"""

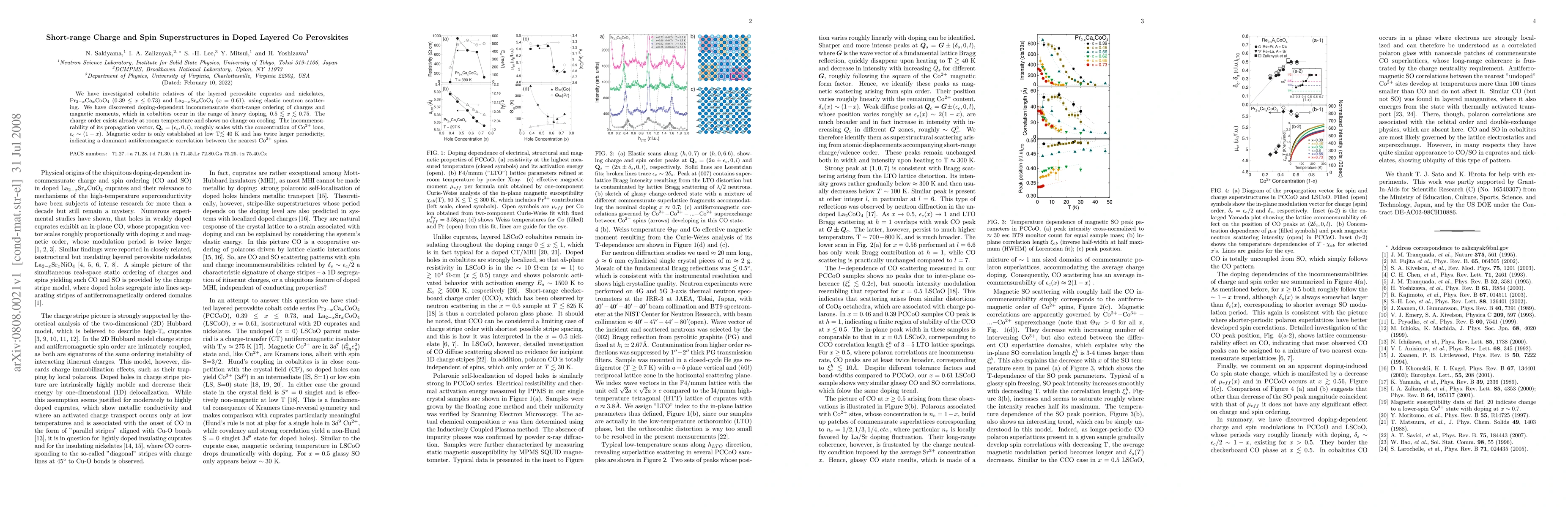 We have investigated cobaltite relatives of the layered perovskite cuprates and nickelates, Pr$_{2-x}$Ca$_x$CoO$_4$ ($0.39 \leq x \leq 0.73$) and La$_{2-x}$Sr$_x$CoO$_4$ ($x = 0.61$), using elastic neutron scattering. We have discovered doping-dependent incommensurate short-range ordering of charges and magnetic moments, which in cobaltites occur in the range of heavy doping, $ 0.5 \lesssim x \lesssim 0.75$. The charge order exists already at room temperature and shows no change on cooling. The incommensurability of its propagation vector, ${\bf Q}_c = (\epsilon_c,0,l)$, roughly scales with the concentration of Co$^{2+}$ ions, $\epsilon_c \sim (1-x)$. Magnetic order is only established at low T$\lesssim 40$ K and has twice larger periodicity, indicating a dominant antiferromagnetic correlation between the nearest Co$^{2+}$ spins.
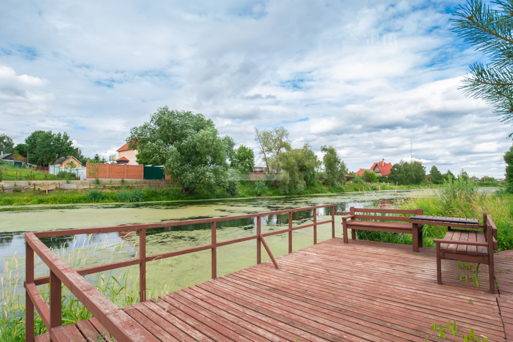 Роскошный новый дом в деревне Покровское, у реки, под ключ с мебелью. 23 км МКАД по Ново-Рижскому шоссе. На участке плодовые деревья, сортовые цветы, два бассейна и гостевой дом 80 м2. Потрясающий вид на реку.
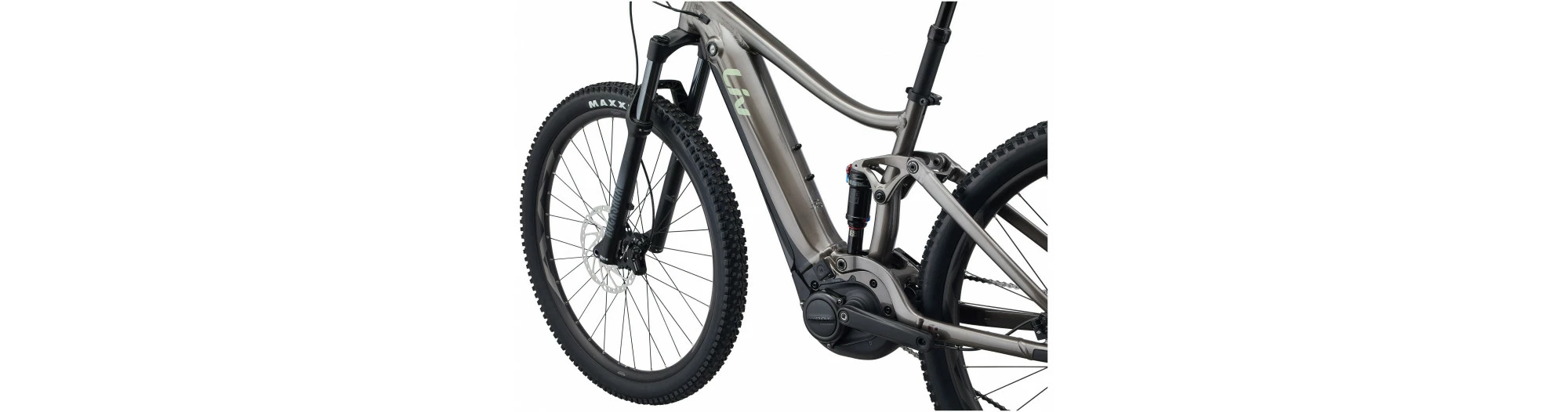 Le LIV Embolden E+ t’ouvre de toutes nouvelles dimensions en tout-terrain. Grâce au moteur SyncDrive Sport de Yamaha avec un couple de 70 Nm, ce VTTAE tout-suspendu fournit une assistance allant jusqu’à 350% de ton effort. Tu peux ainsi agrandir considérablement ton rayon d’action pour un même temps de trajet. Tu arrives plus vite en haut en ayant plus de force et de plaisir en descente et tu peux aussi te joindre sans hésitation à des groupes habituellement plus rapides. L’énergie nécessaire est fournie par l’EnergyPak intelligent de 625 Wh discrètement intégré dans le tube diagonal. L’unité de commande Giant RideControl Dash 2in1 avec écran couleur s’intègre parfaitement au design du guidon et l’application GIANT RideControl 2.0 te permet d’accéder à de nombreuses fonctions de navigation, de santé et de condition physique directement sur ton smartphone. Le cadre en aluminium ALUXX t’offre une dynamique de cadre fiable grâce à la suspension FlexPoint avec un débattement de 120 mm à l’arrière et de 130 mm à l’avant. Les cadres XS sont équipés de roues 27.5 pouces, les cadres S, M et L de roues 29 pouces pour un équilibre et une agilité adaptés à ta taille. Pour les longues randonnées ou le quotidien, l’Embolden E+ peut être facilement équipé de garde-boue et d’un porte-bagages.
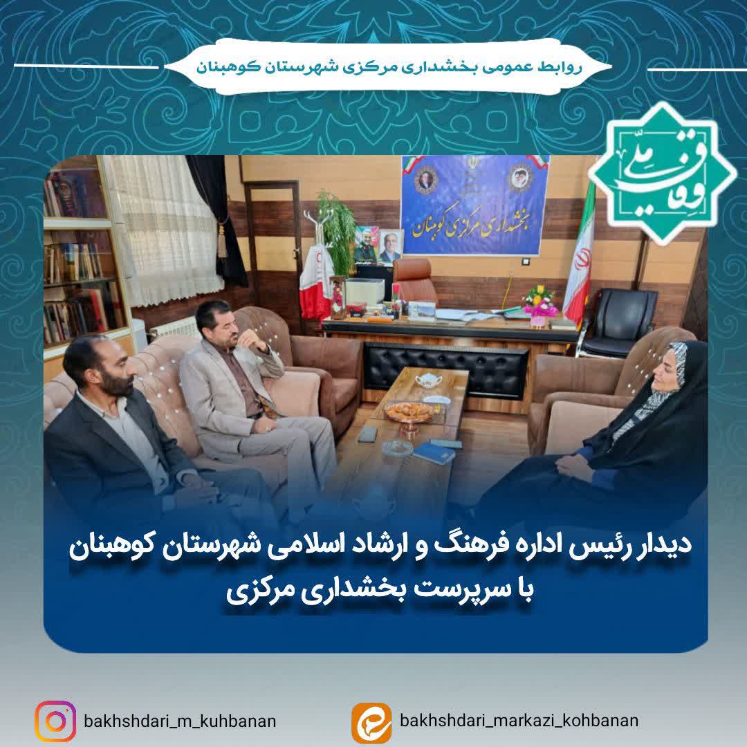 صبح امروز آقای حسینی نژاد رییس اداره فرهنگ و ارشاد اسلامی شهرستان کوهبنان به همراه آقای مومنی معاون، با سرپرست بخشداری مرکزی دیدار نمود .
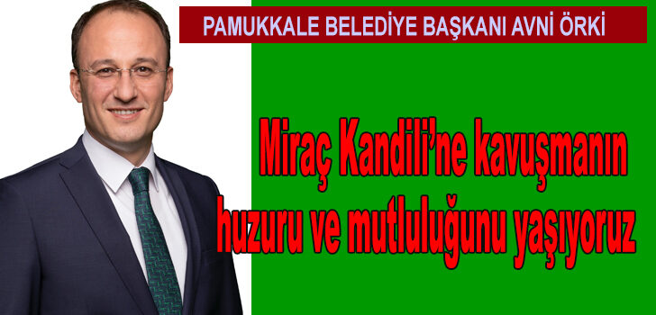 Pamukkale Belediye Başkanı Avni Örki, Miraç Kandili ile ilgili mesaj yayımladı. Başkan Örki, “Bu mübarek günler, dini duyguların en üst seviyede yaşandığı, dinimize olan bağlılığımızın arttığı kutsal günlerdir” dedi.
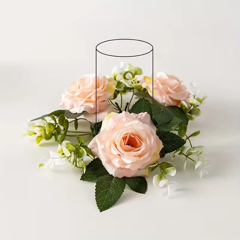 Hozd létre az ünnepi, meghitt hangulatot ezzel a 4 darabos művirágos gyertyatartó koszorú szettel! Ez a dekoráció elegáns rózsákkal és friss eukaliptusz hatású levelekkel díszített, így tökéletes választás esküvőkre, születésnapokra, vacsorákhoz vagy szobadekorációként.
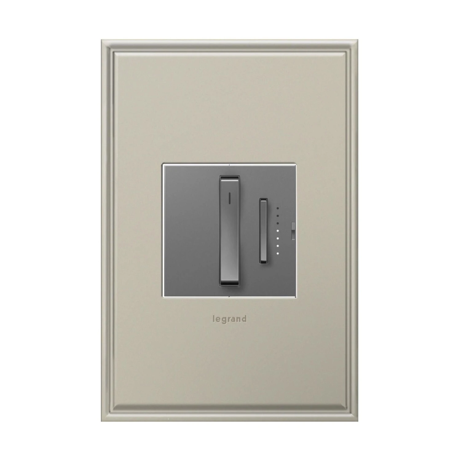 An innovative cross between a traditional toggle and a paddle switch, the adorne Whisper Dimmer features classic, elegant lines and a fluid motion, along with a convenient slider for dimming. Designed to support incandescent and halogen bulbs. Wall plate sold separately.

"""

# What needs to be done:
Omit the pictures. Write out exactly the lines from the one containing "صبح امروز آقای" through the last line of the entries, both of them included.

# Finished task:
 صبح امروز آقای حسینی نژاد رییس اداره فرهنگ و ارشاد اسلامی شهرستان کوهبنان به همراه آقای مومنی معاون، با سرپرست بخشداری مرکزی دیدار نمود .
 Pamukkale Belediye Başkanı Avni Örki, Miraç Kandili ile ilgili mesaj yayımladı. Başkan Örki, “Bu mübarek günler, dini duyguların en üst seviyede yaşandığı, dinimize olan bağlılığımızın arttığı kutsal günlerdir” dedi.
 Hozd létre az ünnepi, meghitt hangulatot ezzel a 4 darabos művirágos gyertyatartó koszorú szettel! Ez a dekoráció elegáns rózsákkal és friss eukaliptusz hatású levelekkel díszített, így tökéletes választás esküvőkre, születésnapokra, vacsorákhoz vagy szobadekorációként.
 An innovative cross between a traditional toggle and a paddle switch, the adorne Whisper Dimmer features classic, elegant lines and a fluid motion, along with a convenient slider for dimming. Designed to support incandescent and halogen bulbs. Wall plate sold separately.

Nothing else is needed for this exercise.